Pipelines speedup
Often when you want to run some tests you need to install required dependencies such as python packages, ruby gems, npm packages and so on. Nowadays tests are executed automatically for pull (merge) requests in various CI systems. Dependency pulling is repeated again and again for every test run and it takes time. We cannot do much about it in cloud based CI systems such as Travis, Circle CI or Github Actions but there is some space for improvement for self-hosted Gitlab CI, Jenkins and others.
Cache
The first idea that would come to your mind is to enable cache. It looks reasonable. Why do need to redownload the same files again and again? Would it be better to store them in some near located storage? The answer is yes but there are some nuances. First of all we should decide how our cache mechanism will be implemented. I would highlight the following ways: caching proxy, cache in the same filesystem and the combination of these two methods.
Caching proxy
Using proxy makes sense if your organization consumes a significant amount traffic from package repositories. Having caching proxy reduces amount of incoming traffic and speeds up downloading. Besides local caching proxy can play a very important role in storing proprietary packages. There are several caching proxies and I worked with Sonatype Nexus and devpi.
The most of the time I work with Python therefore below I will provide examples for its package
infrastructure. As you know Python standard package manager is pip
and in order to download
packages from a caching proxy you have to specify an index url by one of the following methods:
pip.conf
:
txt
[global]
index-url = https://example.com/pypi/packages
- environment variable:
PIP_INDEX_URL=https://example.com/pypi/packages
- command line argument:
pip -i https://example.com/pypi/packages
Local cache
pip
, gem
, yum
and others don't download packages from the index url immediately. Before that
they check if requested packages are stored locally in predefined directories of the file system.
Various package managers have different cache directories. pip
in Linux stores downloads in
$HOME/.cache/pip
by default. And again you can change that path via pip.conf
, environment
variable PIP_CACHE_DIR
or command line argument --cache-dir
.
Cache in pipelines
That was a sort of preamble. Now we have a required knowledge in order to start a pipeline optimization. Let's designate prerequisites:
- you use Gitlab CI;
- Gitlab runner is configured to use kubernetes executor;
- a pipeline has a stage with installing python packages:
yaml
test:
image: python
stage: tests
before_script:
- pip install -U pip setuptools
- pip install -r requirements.txt
script:
- pytest
- there is a caching proxy that has the index url https://example.com/pypi/packages;
- you have a PVC with shared access.
First of all let's specify caching proxy index url in .gitlab-ci.yml
:
test:
variables:
PIP_INDEX_URL: https://example.com/pypi/packages
Then we need to modify Gitlab runner config file in order to mount the PVC to builder pods:
[[runners]]
executor = "kubernetes"
# ...
cache_dir = "/mnt/cache"
[runners.kubernetes]
# ...
[runners.kubernetes.volumes]
# ...
[[runners.kubernetes.volumes.pvc]]
name = "name_of_pvc"
mount_path = "/mnt/cache"
It's a kind of an unobvious trick because according to the official documentation cache_dir
setting is only for Shell, Docker and SSH executors.
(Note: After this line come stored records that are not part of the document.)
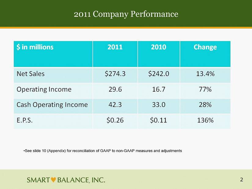 2011 Company Performance 2 • See slide 10 (Appendix) for reconciliation of GAAP to non - GAAP measures and adjustments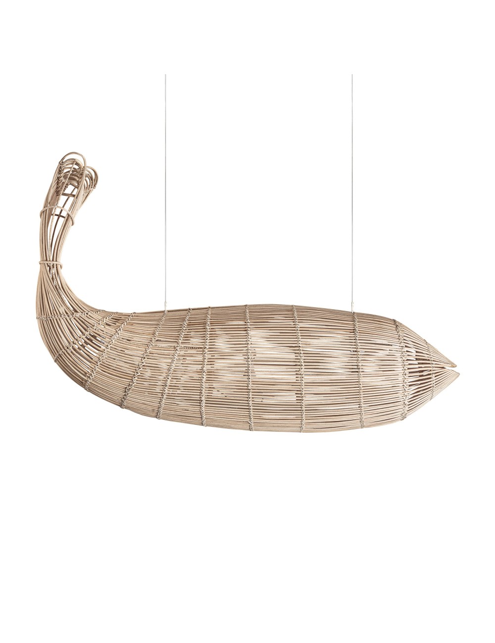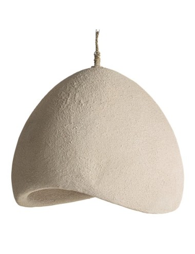 Lámpara de colgar Fish de estilo boho fabricado en ratán en color marrón. | Lámpara de colgar Sibille de estilo contemporáneo fabricado en resina en color blanco roto con acabado rugoso. |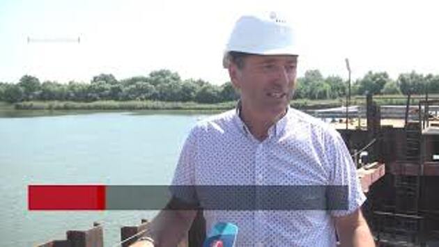 Ростовская область, 25 августа 2021. Телеканал «ДОН 24». Обход Аксая начинается от Новочеркасской развязки. Его протяженность 35 с половиной километров. Это будет новый скоростной участок автомагистрали с шириной - от четырех до шести полос , с освещением и барьерным ограждением , установят и шумозащитные экраны. Глубина выемки грунта в отдельных местах достигает порядка 30-35 метров, это самые большие точки, и они в районе хутора Большой Лог. Олег Иванов, представитель компании-подрядчика: "Привлечены у нас на объекте порядка 500 единиц техники, работают в двухсменном режиме. Также задействовано порядка 2 500 человек, это ИТР и рабочих. На сегодня мы идем с опережением графика. Будем стараться как можно раньше ввести этот обход Аксая, чтобы было удобно всем автолюбителям". Аксайский обход пересекает дорогу Большой Лог- Новочеркасск: таким образом, старая останется "сверху", а новая - пройдет снизу. Дорожники перекроют реки Аксай, Черкасская и Дон, чтобы выйти на 1072-ом километре, это рядом с Волгодонской развязкой. Почти двухкилометровый мост соединит берега Дона в районе Камплицы, а тут уж и до Старочеркасской рукой подать. В июне, на площадке Петербургского международного экономического форума губернатор Василий Голубев на встрече с председателем правления госкомпании "Автодор" Вячеславом Петушенко предложил сделать и удобный съезд от обхода Аксая к станице Старочеркасской. Есть договоренность, что в ближайшее время в региональном правительстве и госкомпании внимательно изучат варианты и определятся с местом расположения съезда. Сейчас мы на временной площадке для строительства одной из двух русловых опор нового моста. Олег Плешаков, заместитель директора Ростовского филиала ГК "Автодор": "Здесь выполнен комплекс определенных мероприятий и начали уже погружать сваи. Надеемся, что через год, когда вы приедете сюда, мы будем стоять не на временном мостике, а уже ходить сверху и смотреть...видеть совсем другую панораму." Олег Роменский, представитель компании-подрядчика: "Сначала строилась эстакада, чтобы сюда подойти, также -на той стороне, соответственно. Дальше шпунт плюс нерестовый же период 2 месяца, да? когда нельзя здесь было работать. Он конечно, отодвинул нас, но это было проектом заложено, соответственно сроками, графиками." Работы здесь начали в октябре прошлого года. Эти опоры - буквально, основополагающие: не построив их, не продвинуть пролётное строение.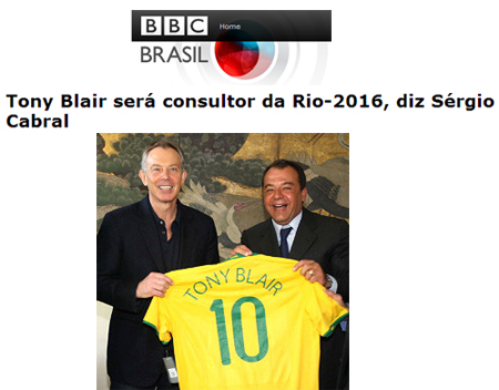 Mas não pensem que Tony Blair desembarca no Rio para se encontrar com Cabral e assumir o posto de consultor. Vai a São Paulo dar uma palestra a empresários que pagaram e não foi pouco por um lugar na platéia. Uma coluna publicou que Cabral e Paes vão assistir à palestra. Não sei se informação procede. Mas e a consultoria de Tony Blair às Olimpíadas do Rio de 2016 foi esquecida? Nunca mais ninguém falou nisso e lá se vão 10 meses...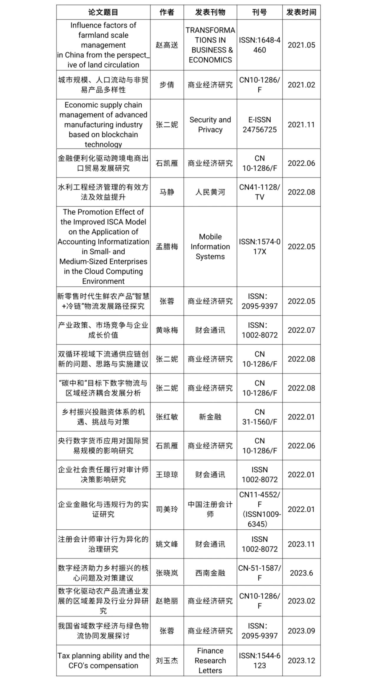论文发表情况一览表(部分)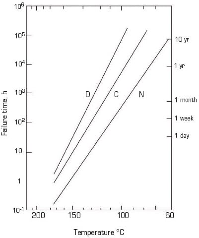 The chart most often referred to for the Parylenes can be seen in Figure 1 and plots the failure points as the log of time versus temperature. Failure points are defined as a 50 percent loss in tensile strength, the resulting curve being based on an Arrhenius extrapolation. Temperature data from this chart provides estimated thermal endurances for Parylenes N, C, and D.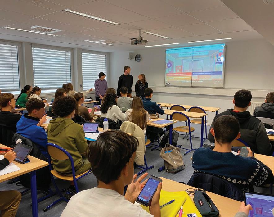 Les ambassadeurs élèves formés passent dans les classes de tous les niveaux. Ils portent des brassards verts pour être identifiés.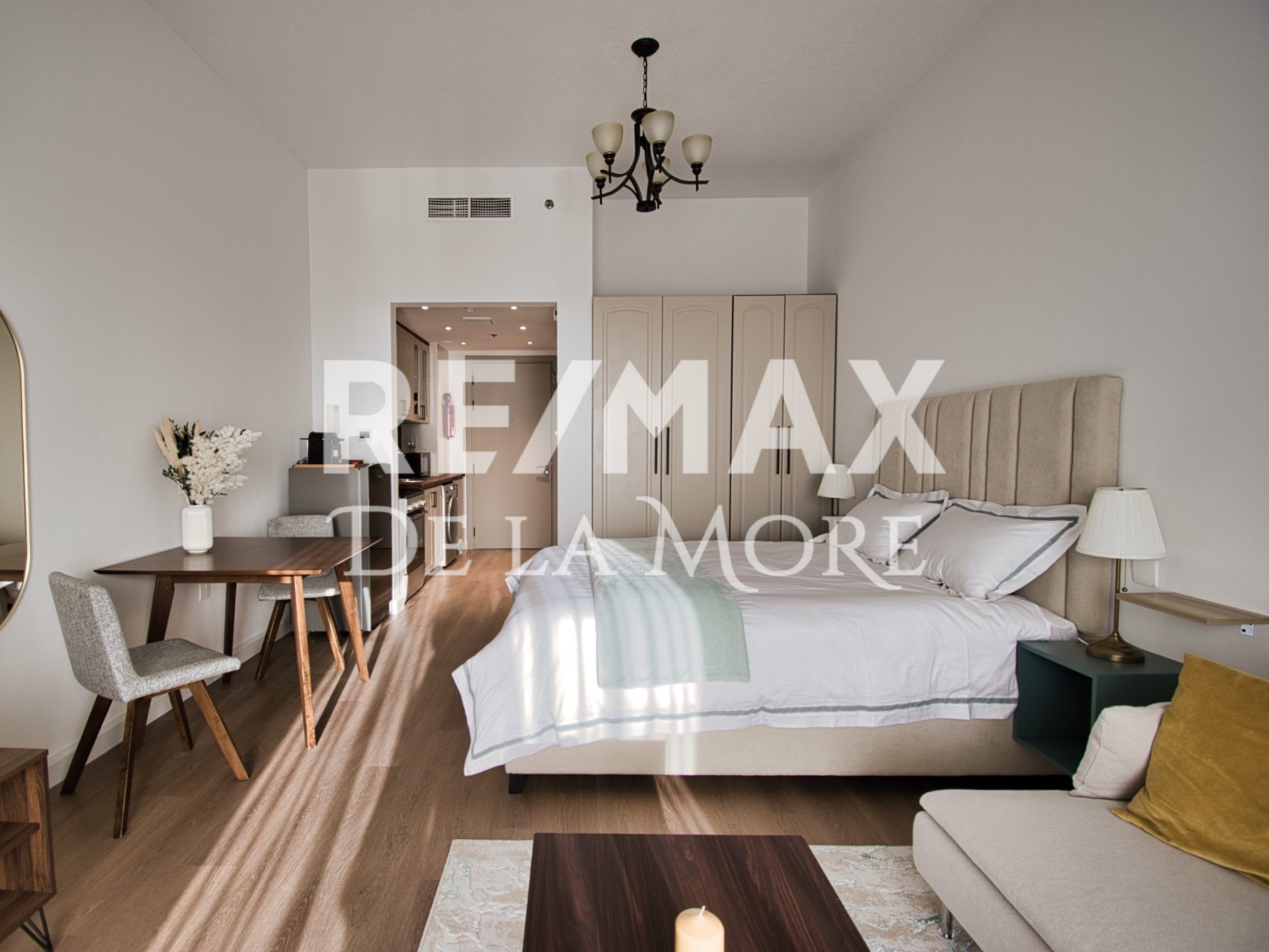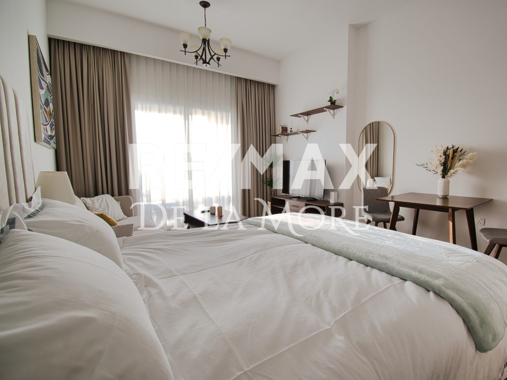 Stunning fully remodeled studio in pristine and brand new condition in Royal Breeze building, Al Hamra Village. Beautiful sea and sunset view from the balcony. All bills and internet included. Available for short term or long term rent from 1.6.2026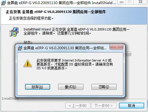 计算机内如果没有配置.NET Framework 4.0,或者版本过低,安装过程中可能会出现以下错误信息,所以建议提前配置。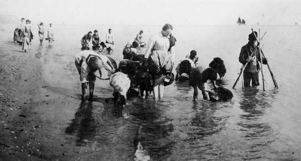 Raccolta di vongole sulla spiaggia di Fano, primi del '900. Sulla destra un uomo che aziona un ferro per calcinelli (da AMADUZZI 1984)

And you supposed to use an S3 backend for storing cache. I found that trick in
Kubernetes cache support
issue.
And the final part is to modify the pipeline stage config:
test:
stage: tests
image: python
cache:
# that's the place where we tell Gitlab to treat that directory as a cache and
# properly handle the content of the directory
paths:
- .cache/pip
variables:
# Change pip's cache directory to be inside the project directory since we can
# only cache local items.
PIP_CACHE_DIR: $CI_PROJECT_DIR/.cache/pip
before_script:
- pip install -U pip setuptools
- pip install -r requirements.txt
script:
- pytest
Now in the pipeline log you should see something like that:
Restoring cache
Checking cache for default...
No URL provided, cache will not be downloaded from shared cache server. Instead a
local version of cache will be extracted.
Successfully extracted cache
Downloading artifacts
Running before_script and script
$ pip install -U pip setuptools
Collecting pip
# we don't download the package but use already downloaded from prior run
Using cached https://example.com/pypi/packages/pip-20.1.1-py2.py3-none-any.whl
...
Saving cache
Creating cache default...
.cache/pip: found 1505 matching files
No URL provided, cache will be not uploaded to shared cache server. Cache will be
stored only locally.
Created cache
In the end we should get the following package flow:
Enabling cache in some cases can speed up to several times pipeline execution. Because not only downloaded packages are cached but compiled as well.